New Paper on Why People Share “Fake News”

Related to the above, I notice that the National Review site has two top stories featuring Sarah Jeong, the second of which is headlined “Yes, Anti-White Racism Exists.” This dumb and bogus narrative is what academic Alice E. Marwick would identify as a “deep story” in her new paper titled Why Do People Share Fake News? A Sociotechnical Model of Media Effects. Unable to fully answer that question yet, Marwick provides a complex nuanced framework for further discussion, identifying socio-cultural factors that cannot be overpowered by solutions like fact-checking.

Although the volume of what Marwick calls problematic information is greater among the contemporary “right” at present, the contemporary “left” is by no means immune to the underlying reasons why people are apt to believe and spread “fake news,” hoaxes, and other forms of disinformation. I’m working on a longer post summarizing Marwick’s paper, but for those interested, her full paper is here.

TVEyes Files for Cert at Supreme Court

Filing a petition for Supreme Court hearing in its ongoing litigation with FOX News, TVEyes hopes to get another shot at presenting arguments that failed in the Second Circuit in February of this year. Eriq Gardner for The Hollywood Reporter writes, “TVEyes’ attorney tells the Supreme Court that the 2nd Circuit decision conflicts with precedent and ‘creates a circuit split over a question of exceptional importance, including the proper balance under copyright law between the interests of a copyright holder and the First Amendment right to criticize and comment upon the copyright holder.’”

There is no brief to review yet, but that statement alone, taken from a request for an extension to file, does not seem to bode well for the Supreme Court granting cert for a couple of reasons. The first, as detailed in this post, is that the same appellate court that ruled in favor of Google Books also drew sharp distinctions between that case and TVEyes (ergo, maybe not so much of a split). The second reason is that it is consistent with precedent to hold that the First Amendment rights of users of a service do not automatically make the service itself non-infringing.
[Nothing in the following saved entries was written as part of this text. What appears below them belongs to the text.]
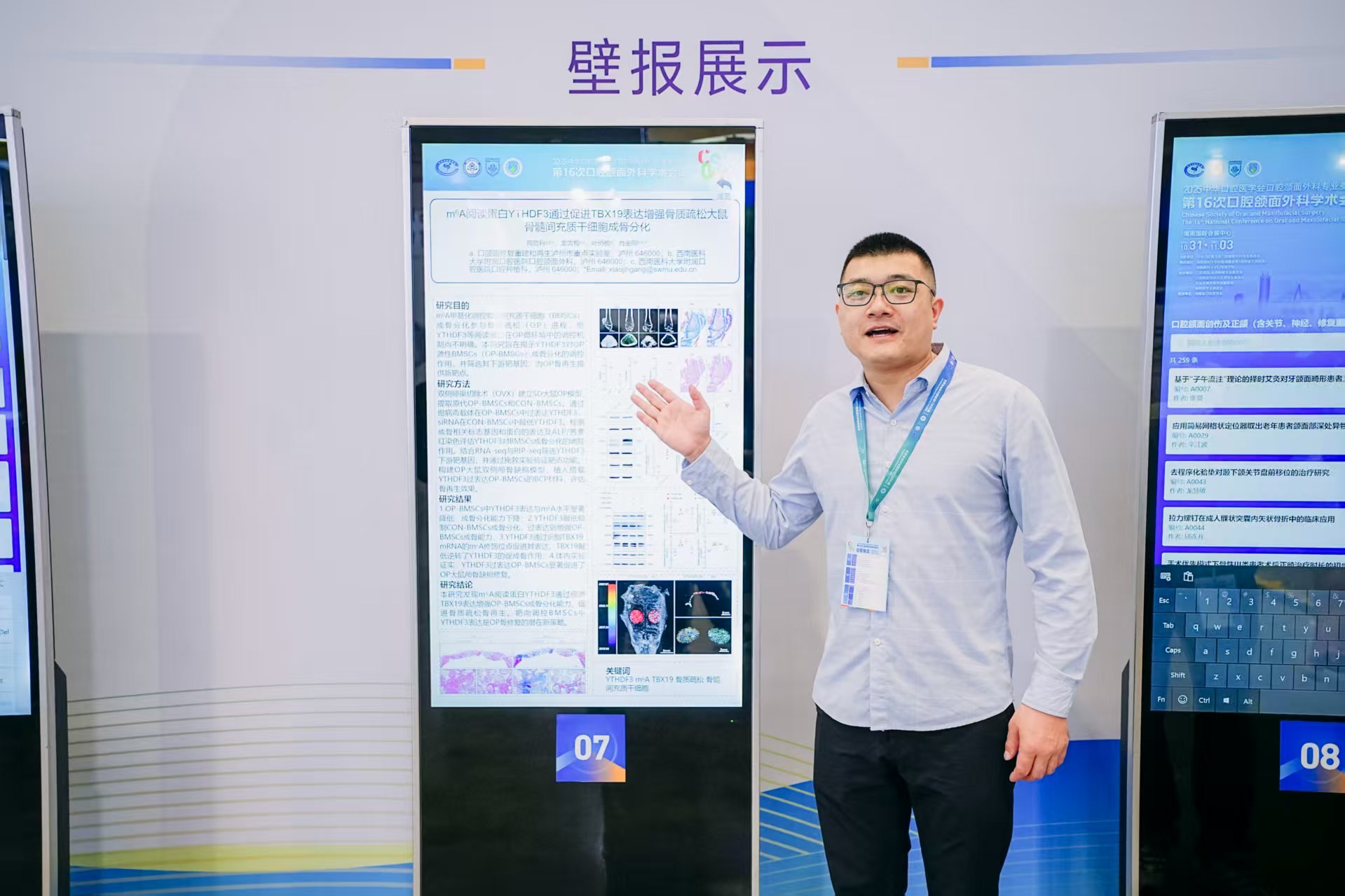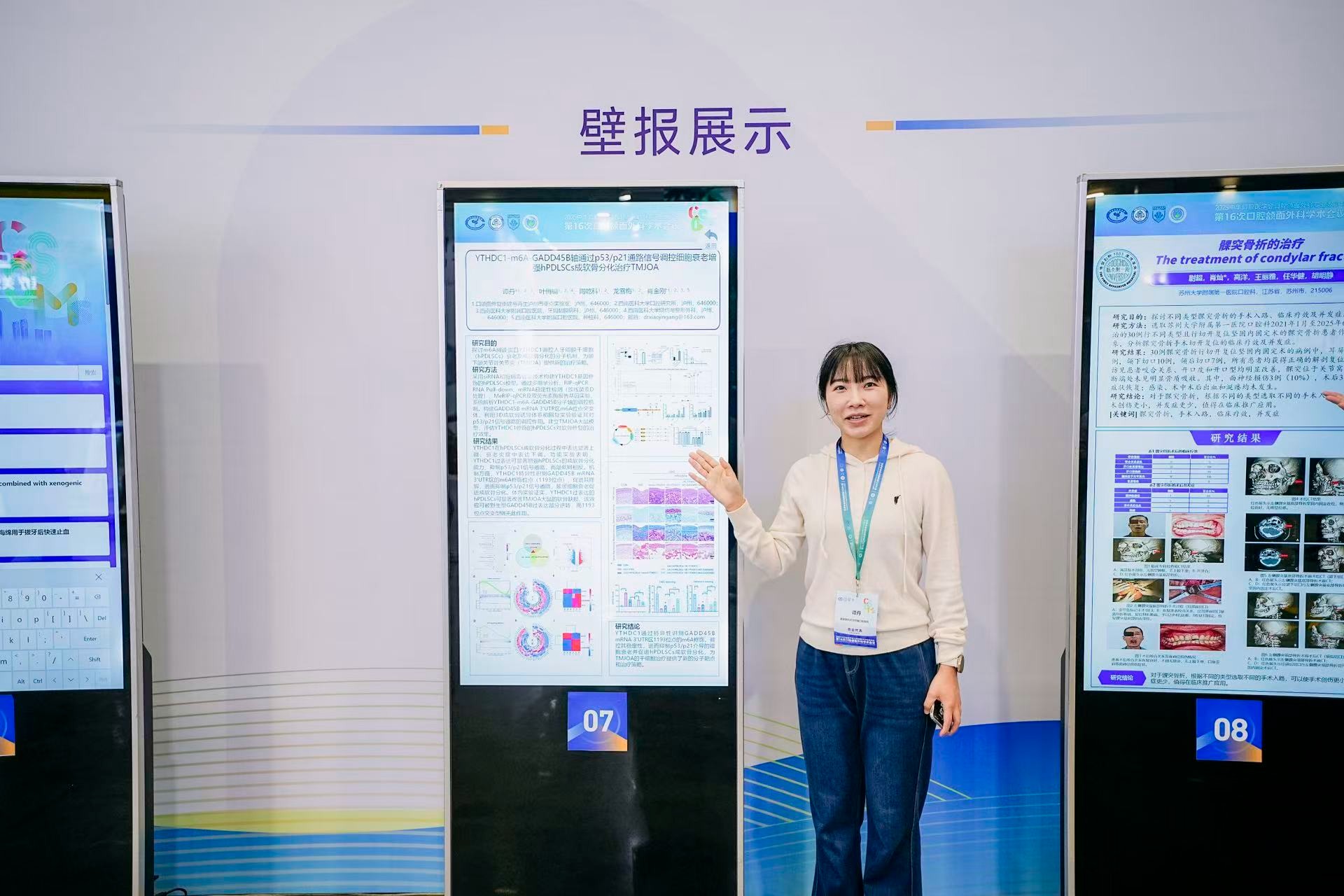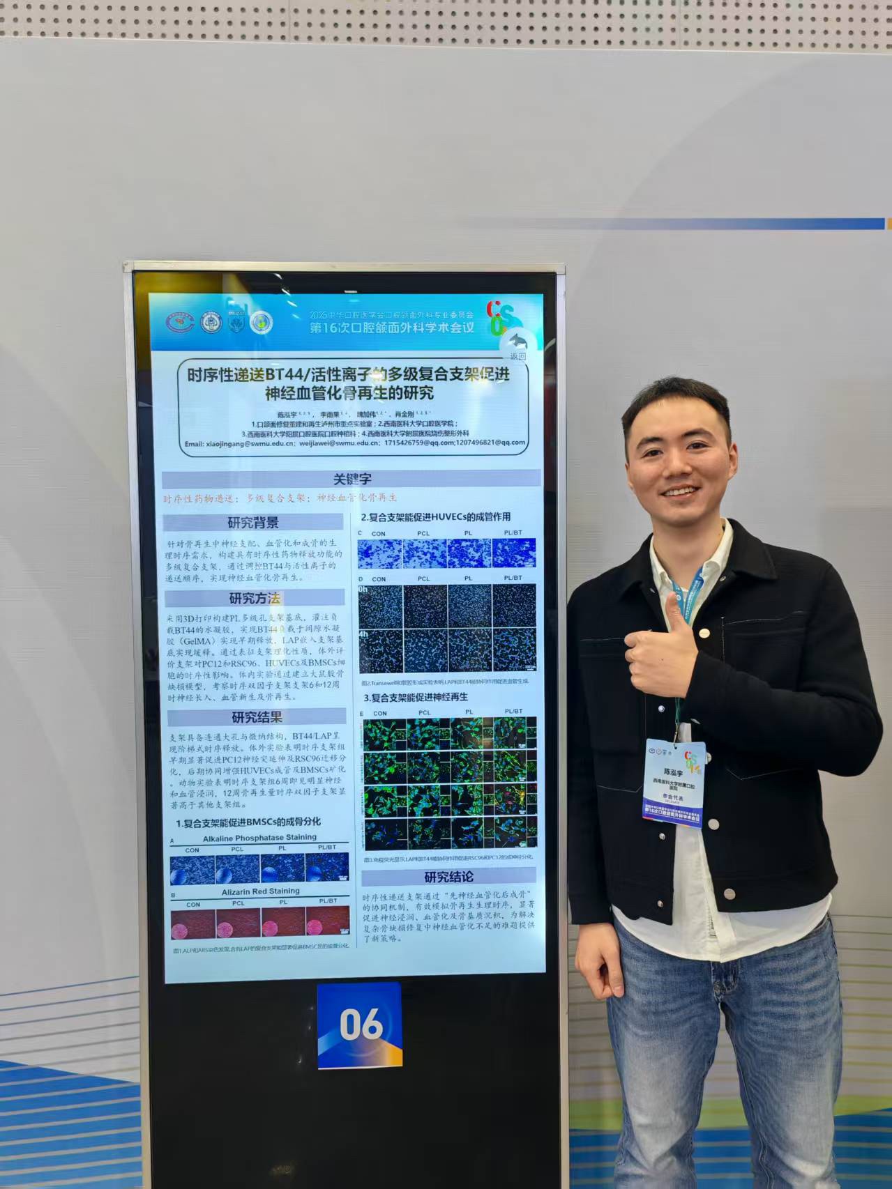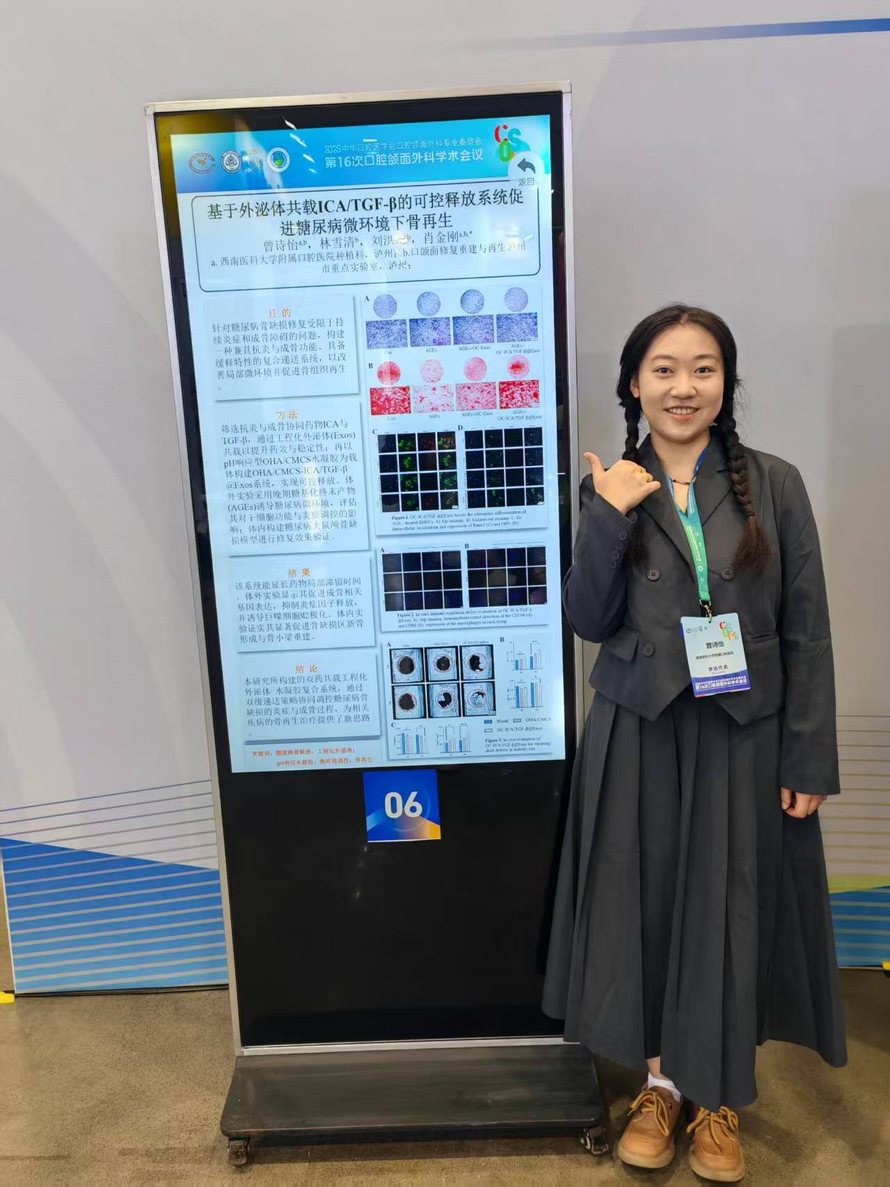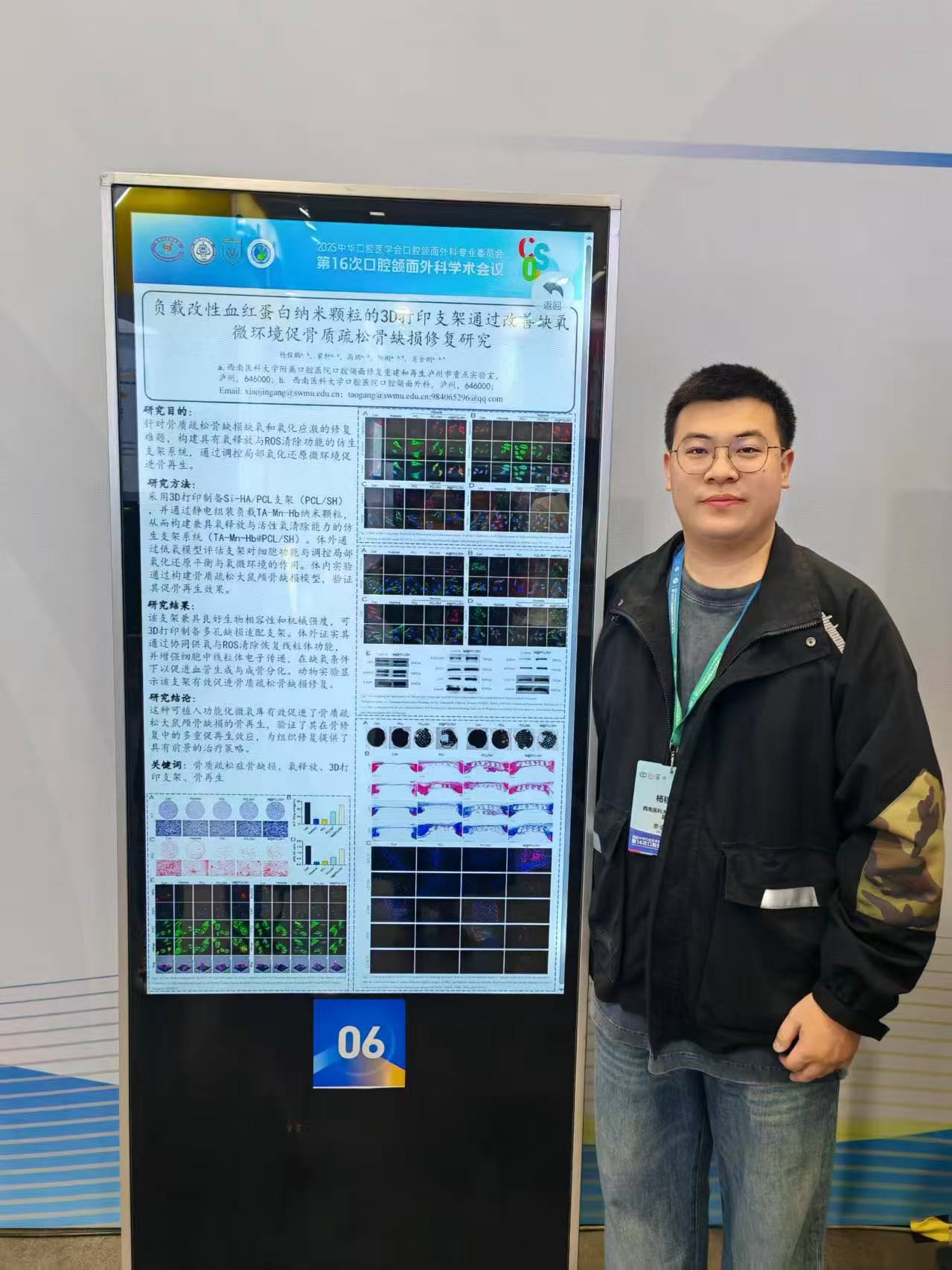 肖金刚教授指导的硕士研究生陈泓宇、杨程鹏、曾诗怡,分别展示了《时序性递送BT44/活性离子的多级复合支架促进神经血管化骨再生的研究》《负载改性血红蛋白纳米颗粒的3D打印支架通过改善缺氧微环境促进骨质疏松骨缺损修复研究》《基于外泌体共载ICA/TGF-β的可控释放系统促进糖尿病微环境下骨再生》。这些报告与展示,充分展现了医院在口腔颌面外科相关基础研究领域的持续探索与科研积累。
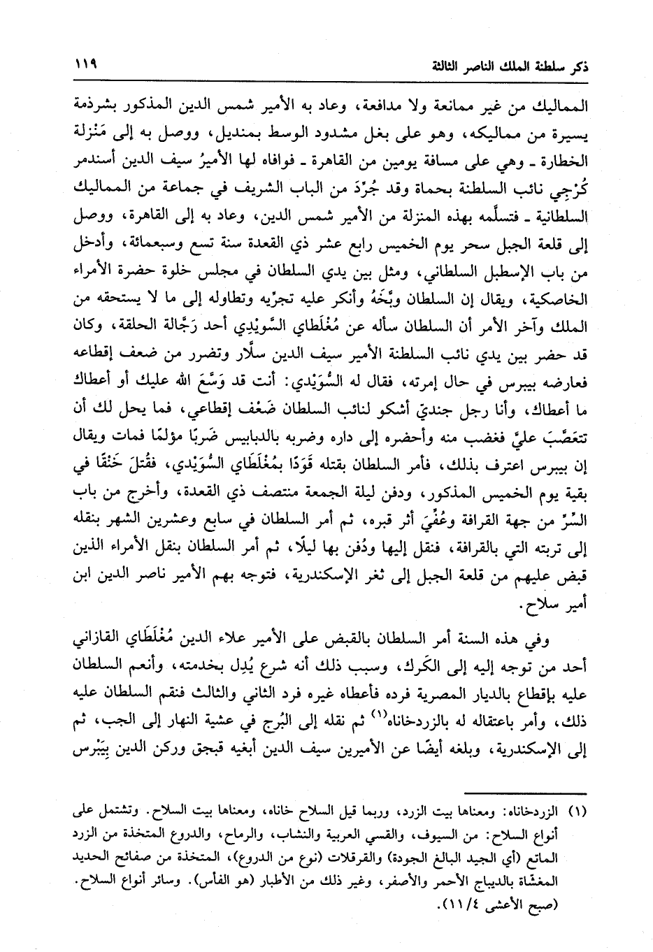 السلطانية - فتسلمه بهذه المنزلة من الأمير شمس الدين ، وعاد به إلى القاهرة ، ووصل
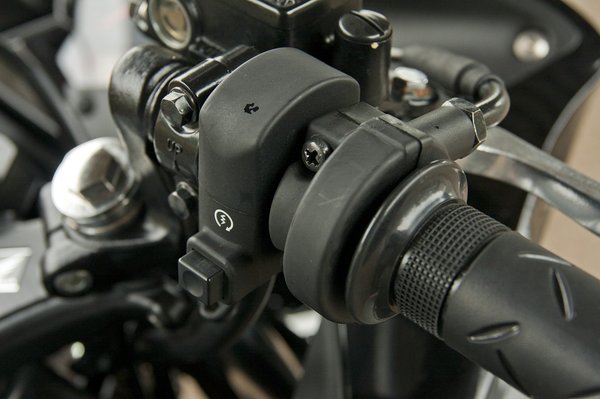 Hogy mást ne említsek, a kapcsolóegységek egészen kezdetlegesek, különösen a jobb oldalon, ahol a nyomorult indítógomb szomorkodik. Valamiért nincs leállító kapcsoló, de talán ez nem is baj, minden kezdőt megszívat egyszer. A távfényt is egy béna nyomógombbal lehet kapcsolni. Nincs az, hogy az ember odaáll egy Keeway mellé, és megnyugtatóan annyit mond magának: hiába, azért ez egy Honda.
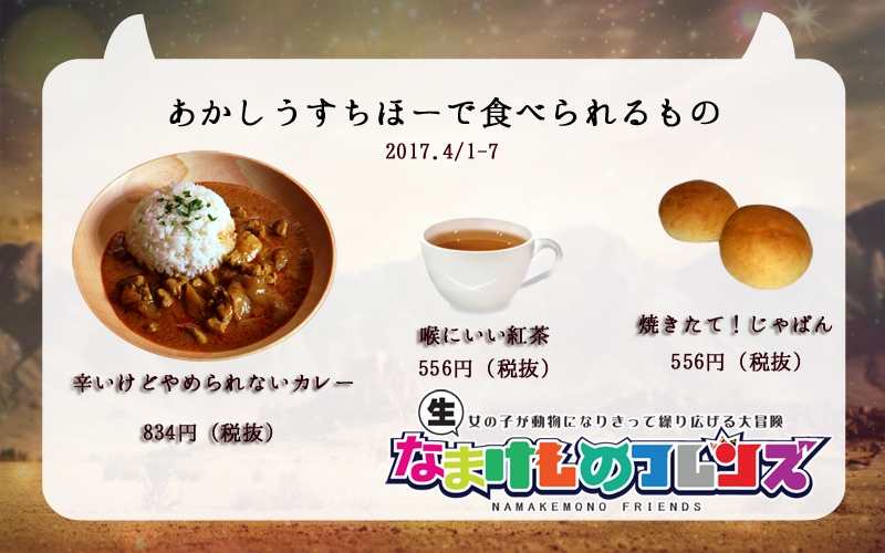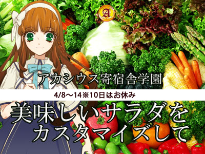 =============================== 4月1日(土)〜4月7日(金) エイプリールフール記念 なまけものフレンズイベント開催 池袋にあるアカシウス寄宿舎学園カフェテリアにて 『生けものイベント』イベントを開催いたします。 期間中キャストたちはいろんなフレンズに イベントフードなど エイプリールフール2017だったHPの内容はこちら(リンク) 図鑑などが見れます。 4月8日(土)〜4月14日(金) ※4/10日はお休み 美味しいサラダをカスタマイズ 春野菜が美味しい季節です。 温かくもなって、すこし体調を整えたい時期。 そろそろ冷たいサラダでも美味しい季節です。 一風変わったサラダに、カスマイズ注文をして チョイスしたドレッシングを生徒に掛けて貰えるイベント 国産野菜にこだわった体にいい野菜を美味しく楽しく摂って健康に! 4月8日は幼葉の日ということで春の葉っぱが美味しい季節。 手作りのドレッシングで美味しさをこだわり野菜の美味しさを 味わってもらえたらと思います。 スタンダード741円(税抜) レタス・サニーレタス・ベビーリーフ・鶏肉 トッピングを3種類選んでね! クラッシュドトルティーヤ フライドガーリック パクチー コーン スライスキュウリ スライスニンジン スライス玉ねぎ パプリカ カリカリベーコン 追加トッピングはひとつにつき+93円(税抜) 全部のせは1112円(税抜)となります。 ドレッシング シーザー コブ 緋の諸島(お醤油ベースのオリジナル) 日替わり(キッチンスタッフによる手作りドレッシング) お席でドレッシングをおかけいたします。 4月10日(月) 休業日 4月15(土)〜4月22日(土) お得なチェキキャンペーン 詳細は後日Blogにて 4月20日(木) 5月のカレンダー発売 今年のカレンダーは、色(Color)がテーマ。 担当キャストがプロデューサーになり、人数も衣装も、構成も! 自由に表現してもらおうと思っています。 各自の好きな色でどんな風になるのか楽しみです。 2〜12月すべてのカレンダーを集めると アカシウスの1年間を盛り込んだ特典ROMをお渡しいたしますので 是非集めてみてくださいね! 4月23日(日) ミィナ卒業式 詳細は後日Blogにて
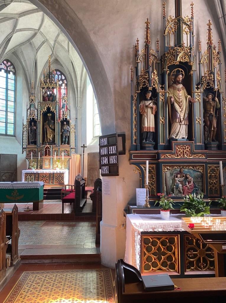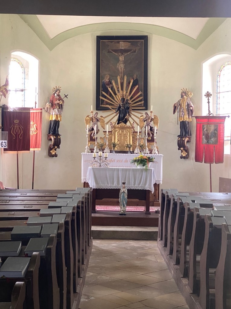 Weil wir uns mit dem Schloss aufgehalten haben, vergessen wir völlig, dass wir eigentlich auch die Kirche des Ortes aufsuchen wollten … also wieder einen Stempel verpasst.
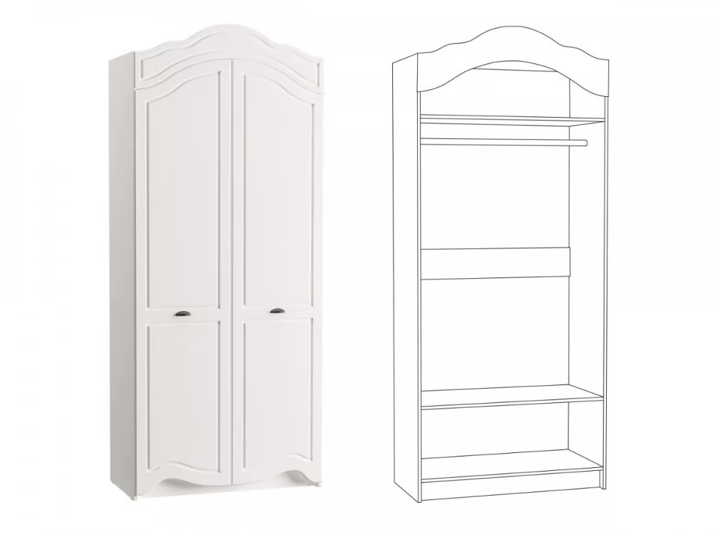 Шкаф двухстворчатый Роуз 13.195 будет отличным дополнением интерьера уютной детской. Изделие поможет разместить весь гардероб вашего ребенка. За двумя распашными дверьми находится широкая штанга для вешалок-плечиков с безупречно выглаженной одеждой. Антресольная и нижняя полки предназначены для хранения одежды, постельного и нижнего белья, различных аксессуаров и коробок с обувью.
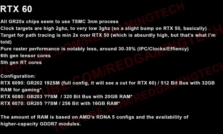 Expected to launch within a two-year cadence, the GeForce RTX 60-series will not adopt a sub-2 nm nanosheet node but will instead utilize a variant of TSMC’s 3 nm FinFET process. This allows for impressive GPU clock speeds, projected to range between high 2 GHz and low 3 GHz, improving upon the existing “Blackwell” architecture.
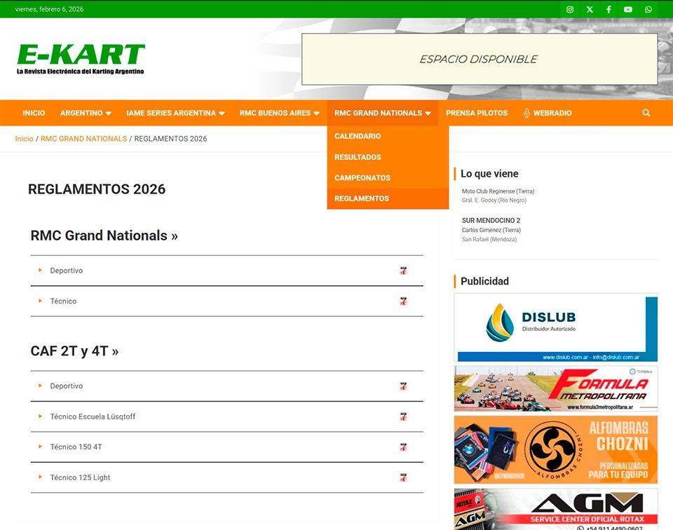 Todos los documentos están disponibles dentro de la sección exclusiva que E-Kart dedica a ambos campeonatos, centralizando la información en un solo lugar para facilitar el acceso y la consulta permanente. El ingreso puede realizarse desde https://e-kart.com.ar/rmc-grand-nationals/reglamentos-2026/ en el apartado de reglamentos de RMC Grand Nationals y CAF 2T y 4T.

This is a chronic argument made by tech-industry players, and as described in this post, courts generally take a dim view of corporations that attempt to “stand in the shoes” of their customers.

I’ll be surprised if SCOTUS agrees to review this case, but if it does grant cert, expect a storm of amicus briefs to follow.

EFF Honors Itself With Its Own Award

In a July 30 announcement, the Electronic Frontier Foundation named Stephanie Lenz, creator of the “Dancing Baby” video, among the recipients of this year’s Pioneer Award. “Stephanie Lenz’s activism over a home video posted online helped strengthen fair use law and brought nationwide attention to copyright controversies stemming from new, easy-to-use digital movie-making and sharing technologies.” Many of us will never experience the injustice of having a video removed and then restored to YouTube, but in that silent interval, when people could not watch Lenz’s baby boy dancing in the kitchen, her world—indeed the whole world—was just a little bit darker.

I wrote a post in October of 2016 summarizing the narrative of this decade-long EFFishing expedition; but suffice to say this award-earning “activism” did not even begin as a fair use case; “Fair-Use Champion” Stephanie Lenz stated her own ambivalence about the video remaining on YouTube; the fair use/DMCA argument itself is razor thin; and I would bet anything that, beyond us copyright watchers, “nationwide attention” sounds something like this: Oh yeah, didn’t Prince sue some mom? And that didn’t even happen.

So, in the same way that Stephen Carlisle described Stephanie Lenz as the “nominal plaintiff” in Lenz v. UMG, it seems reasonable to call her the nominal recipient of this award, which should rightly go to the EFF’s own Corynne McSherry for Outstanding Achievement in PR Through Boondoggle Litigation.